The Gore organization had already disbanded.
As during the election and the recounts, the Republicans were fighting as
hard as they could — no holds
barred — while the Democrats
defaulted.
Even so, during the Consortium ballot study the coders just found too many
Gore votes for the G.O.P. to be able to “win” again by invoking invisible
crimes and decrying nonexistent conspiracies.
It is simply false for the Consortium to claim people were unaware that the
results were developing in a way that would be highly embarrassing, at best, for
George W. Bush. The Republican observers saw the strong pro-Gore trend and
responded with typical aplomb. A G.O.P. activist accused one NORC coder of being
drunk on the job, a lie that was later disproven. Even so, Republican operatives
reportedly pressured another coder to confirm the phony allegation. The
Republicans yelled about the quality of the coders, screamed about the treachery
of the process, and threw temper tantrums about the unfairness of it all. Of
course, they offered no proof of their slanderous charges. Though the G.O.P.
observers were publicly panicking as the trend continued strongly against them,
the Consortium observers in the very same rooms claim to be completely unaware
of who was winning.
The members of the Consortium have a sufficient interest in this matter that
they collectively have paid millions of dollars to subsidize the ballot study.
The media organizations that comprise the Consortium employ hundreds of
experienced journalists who possess expertise in gathering information. A number
of their most able journalists were eyewitnesses to what was happening in the
coding rooms. And yet, the Consortium pleads total ignorance of who was
gaining votes during the NORC coding process.
Dan Keating was the Washington Post
on-site editor for the ballot study. In an interview with MakeThemAccountable,
he said, “We intentionally blinded
ourselves to the information.”
Some coders knew enough about Florida county ballot configuration to be able
to tell which numerical code represented Bush and which identified Gore. The
same was true of supervisors, private citizens who viewed the study, and the
increasingly hysterical Republican observers. Non-Consortium journalists were
not exactly clueless, either:
The media are finding more
ballots meant for Gore. In election-speak: Even though final statewide results
aren't in, early returns favor Gore.
— Palm Beach Post
http://www.gopbi.com/partners/pbpost/news/election2000_media.html
The outrageous contention by the Consortium that they “could not
possibly have known the outcome” of the ballot study is just one of
the blatant lies they have told in their continuing effort to finesse a pro-Gore
result that they didn’t anticipate, that runs counter to their financial
interests, and that they had apparently chosen to “indefinitely” delay even
before the terrorist attack on September 11.
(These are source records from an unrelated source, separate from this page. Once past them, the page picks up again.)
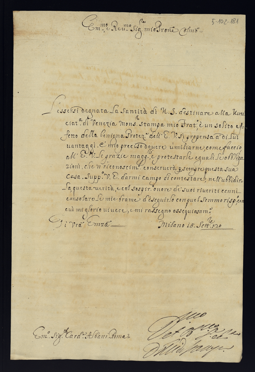 Lettere di confidenza del 1720 e 1721
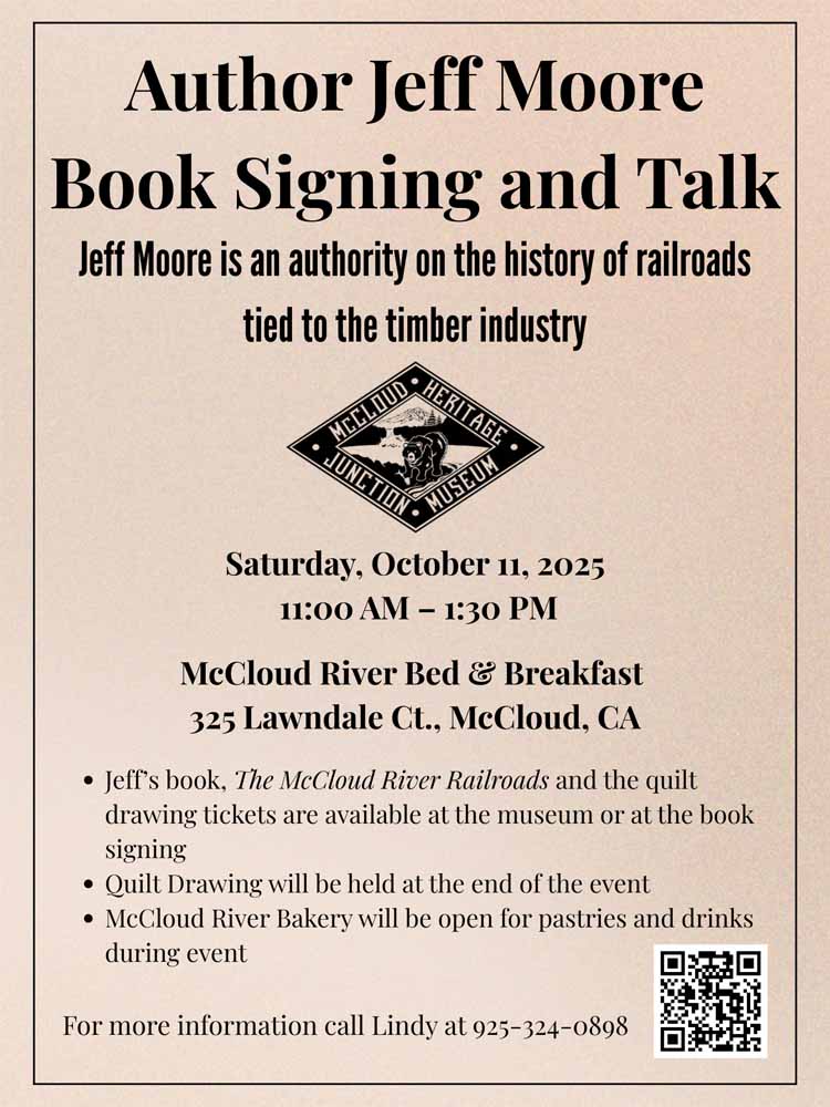 13 September 2025: Presentation, More Models, and Other Updates There have been several developments on various fronts through the past several months. McCloud Book Presentation First off, I have been in discussions over the last several years of doing some form of a book signing event with the McCloud Heritage Junction Museum, which bought copies of my McCloud River book when Signature Press closed down their operations. Things have finally come together, and the event will be held on Saturday, 11 October 2025, from 11:00 AM to 1:30 PM at the McCloud River Bed & Breakfast at 325 Lawndale Court in McCloud. ![]()
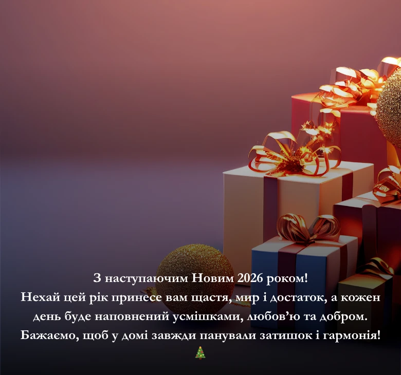 З наступаючим Новим 2026 роком! Нехай цей рік принесе вам щастя, мир і достаток, а кожен день буде наповнений усмішками, любов’ю та добром. Бажаємо, щоб у домі завжди панували затишок і гармонія! 🎄
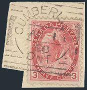 CUMBERLAND, ONT (RF 35), Nice strike 1 Au '98 tying 3¢ Numeral on piece. F (Image)
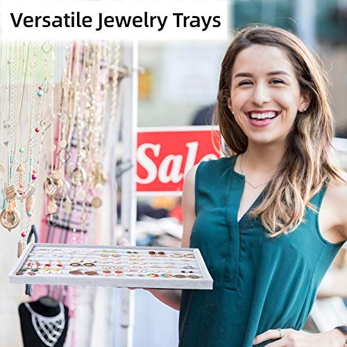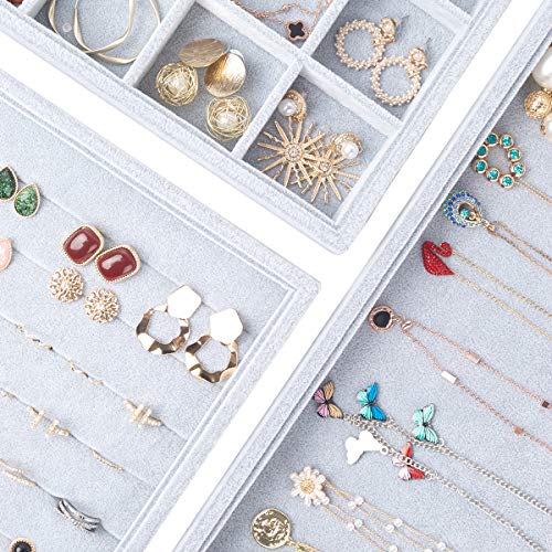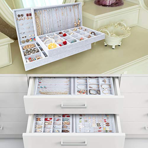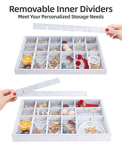 - PLENTY OF STORAGE OPTIONS: This jewelry tray set comes in 4 pieces with different layouts. Also the jewelry trays are stackable to offer extra storage spaces to accommodate your growing collections. The jewelry organizer easily fits in almost every drawer and shelf, or stack and leave on a dresser top, giving you plenty of storage options.

Next – Part Three: More Consortium Dishonesty, which will be followed by an
examination of the mainstream media’s financial motivations in lying for Bush.
We will look at the concerns of some that the current delay in releasing the
results foreshadows another convoluted attempt by the mainstream media to award
Bush the victory that was denied him by the voters. We will also reveal which
famed captain of industry mobilized the media elite to rally behind Bush in
2000.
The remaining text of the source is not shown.